Mensa will not divulge how many take these tests every year, but about 5,000 pass and become members (which is just as well, because almost as many leave).
What do you get for your pounds 30? A little gold card that proves you're a member and a monthly Mensa Magazine. This covers a wide range of topics and opinions which, they stress, are not necessarily those of the editorial board of Mensa itself.
Those hoping for a few crackpot theories from the brain boxes (their chairman is Clive Sinclair, after all, above right) might be a little disappointed. The articles tend more to the mundane (the February issue featured "Fit to Bust - Bronagh Miskelly meets fitness instructor Martica Heaner" and "Cousin Jack - John Hosken celebrates the world-wide phenomenon that is Cornwall").
Even so, there is some lively debate on the letters page. One man compared finding "compelling evidence of the existence of God" with "the laws governing differential equations". If this is the sort of thing you argue about over a pint of an evening, then Mensa may well be for you.

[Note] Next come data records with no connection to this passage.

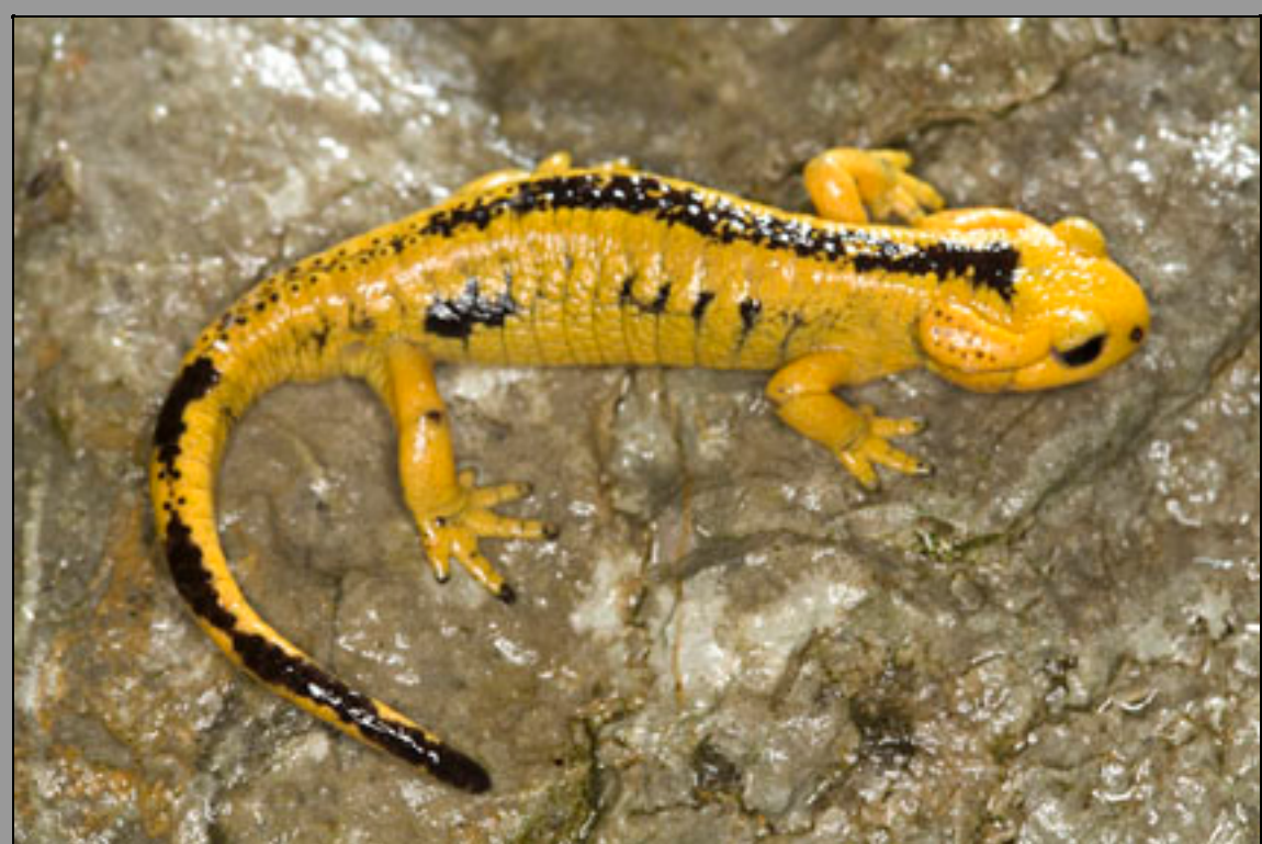
Fire Salamander (Salamandra salamandra alfredschmidti)
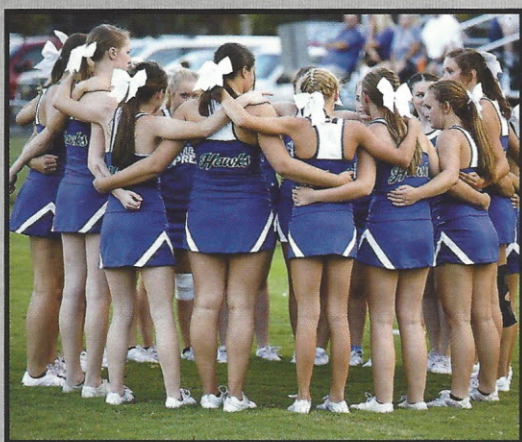
Above: The cheerleaders gather together to celebrate getting a touchdown at an away game.
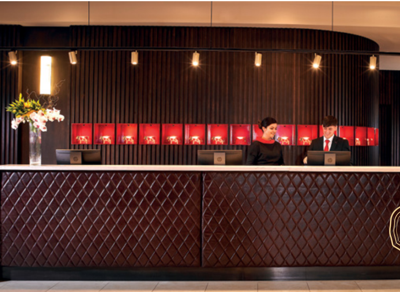
Red Cow Moran Hotel, Dublin
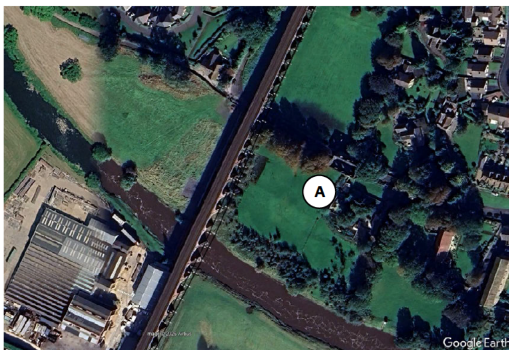
Site plan showing measurement position

The measurement position is shown on the site plan below.
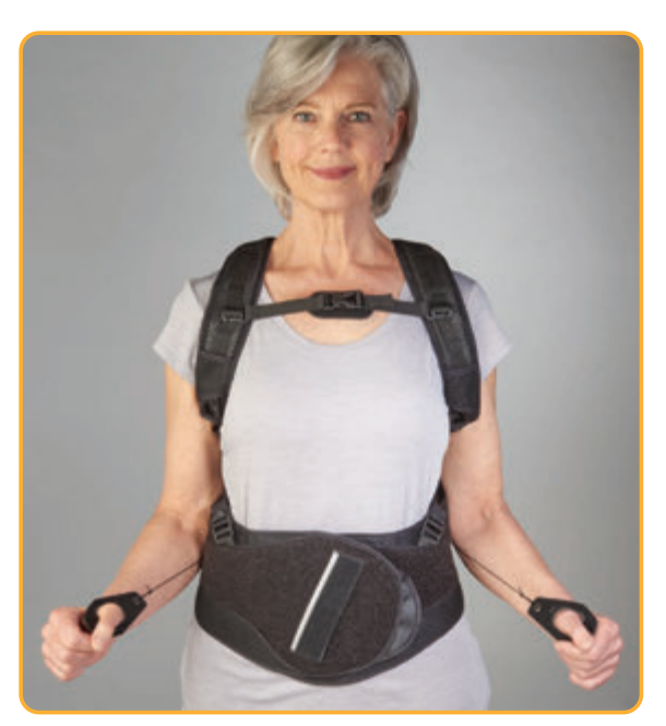
Dual Power-Pull Closures deliver effective compression

There is little evidence, meanwhile, that being a member of Mensa will get you a better job, except in so far as confirmation of your exceptional intellect may give you a certain swagger in the interview stage.
But it may have other pecuniary advantages - among the various small ads in the back of the magazine, listing various Mensa-oriented social occasions, there are many such as this - "Quiz teams put together for raids on pots. Phone Mike". It's one way to claw back the pounds 49.90 it's taken to get there.

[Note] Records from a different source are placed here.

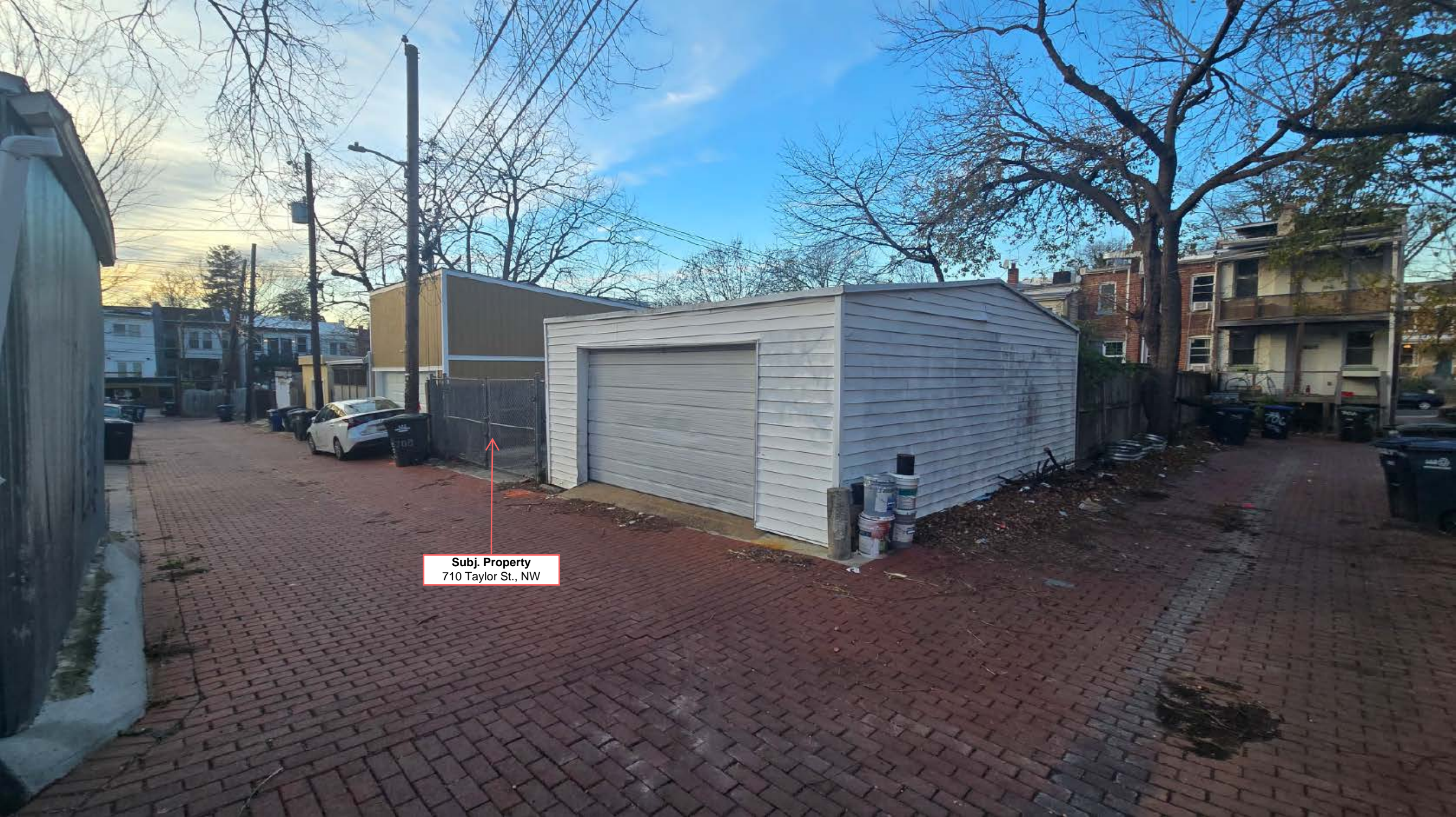
Subj. Property 710 Taylor St., NW
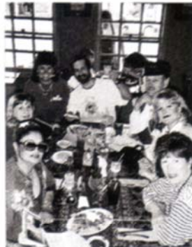
A Mexican feast ...
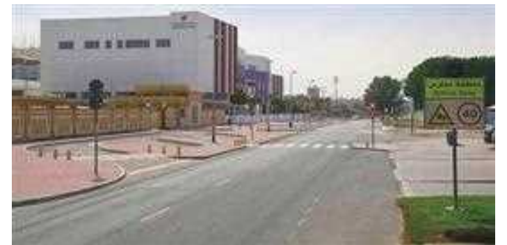
■ The RTA has implemented traffic diversions in surrounding areas and paved parking spaces in front of schools.

Key improvements involved widening streets leading to the schools, creating additional parking spaces, improving entrances and exits, and implementing traffic diversions in
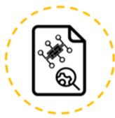
Troubleshooting / Schematic
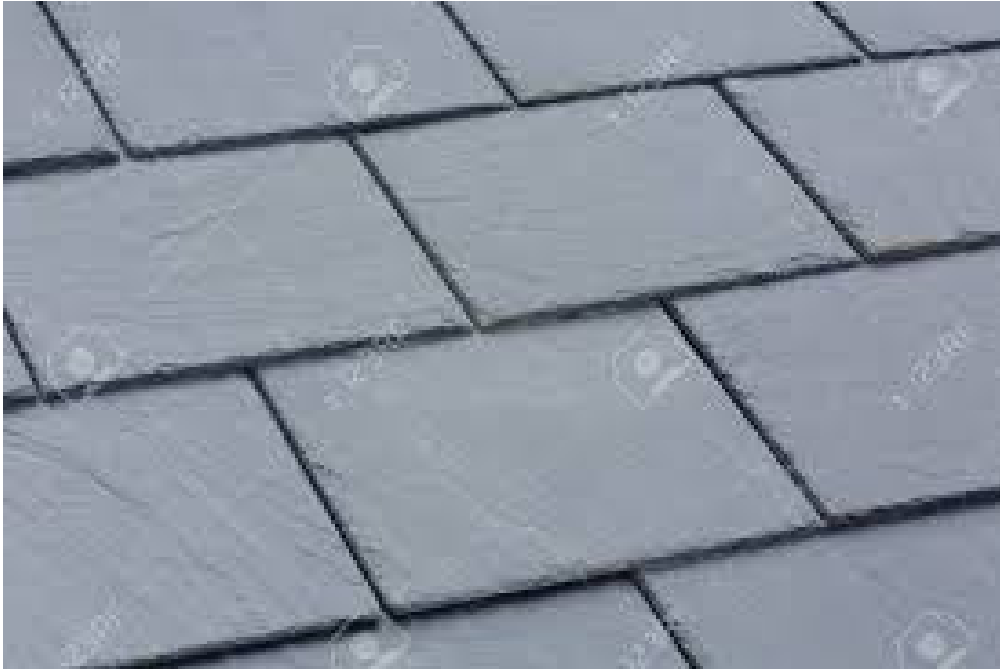
SLATE ROOF TILES
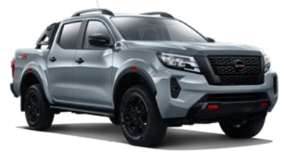
Stealth Grey ‡
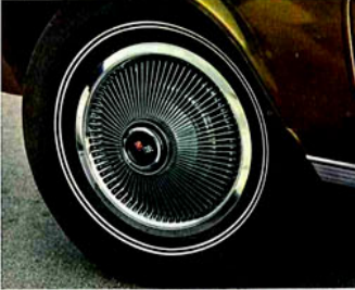
Special wheel covers

windshield antennas, new deep-cone speakers and variable dial lights. (They dim with instrument lights.) New more compact stereo tape system available with pushbutton radios: AM or AM/FM/Stereo.
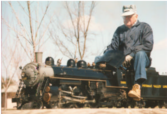
4-6-2 Pacific (1-1/2"-scale)

Monthly meetings are held at the park on the 2nd SUNDAY of each month and our news bulletin, THE STEAM WHISTLE , keeps everyone informed of our activities. We hope you will be tempted to join us in helping others become aware of the past and present technology of steam power.
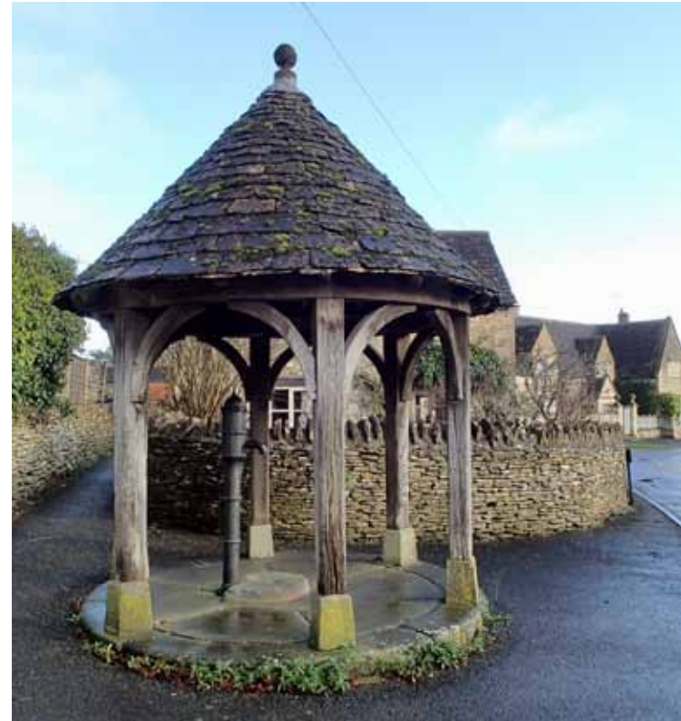
Wellhead and Village Pump

Of course, some Mensans get together for more than just pub quizzes. The "fifth Mensan wedding in 12 months" was announced in September's magazine. Whether they will have super-children remains to be seen. Three American members who decided to donate their super-sperm last year attracted a certain amount of negative publicity but there is no real evidence to suggest that high IQs can be passed on.
If they or anyone else does have an exceptionally bright child, however, a sub-division called Mensa for Gifted Children exists to help and counsel on matters of education.
And in case you're wondering, yes, I did take the test. And yes, I am wasted. But don't blame me - blame the home-grown.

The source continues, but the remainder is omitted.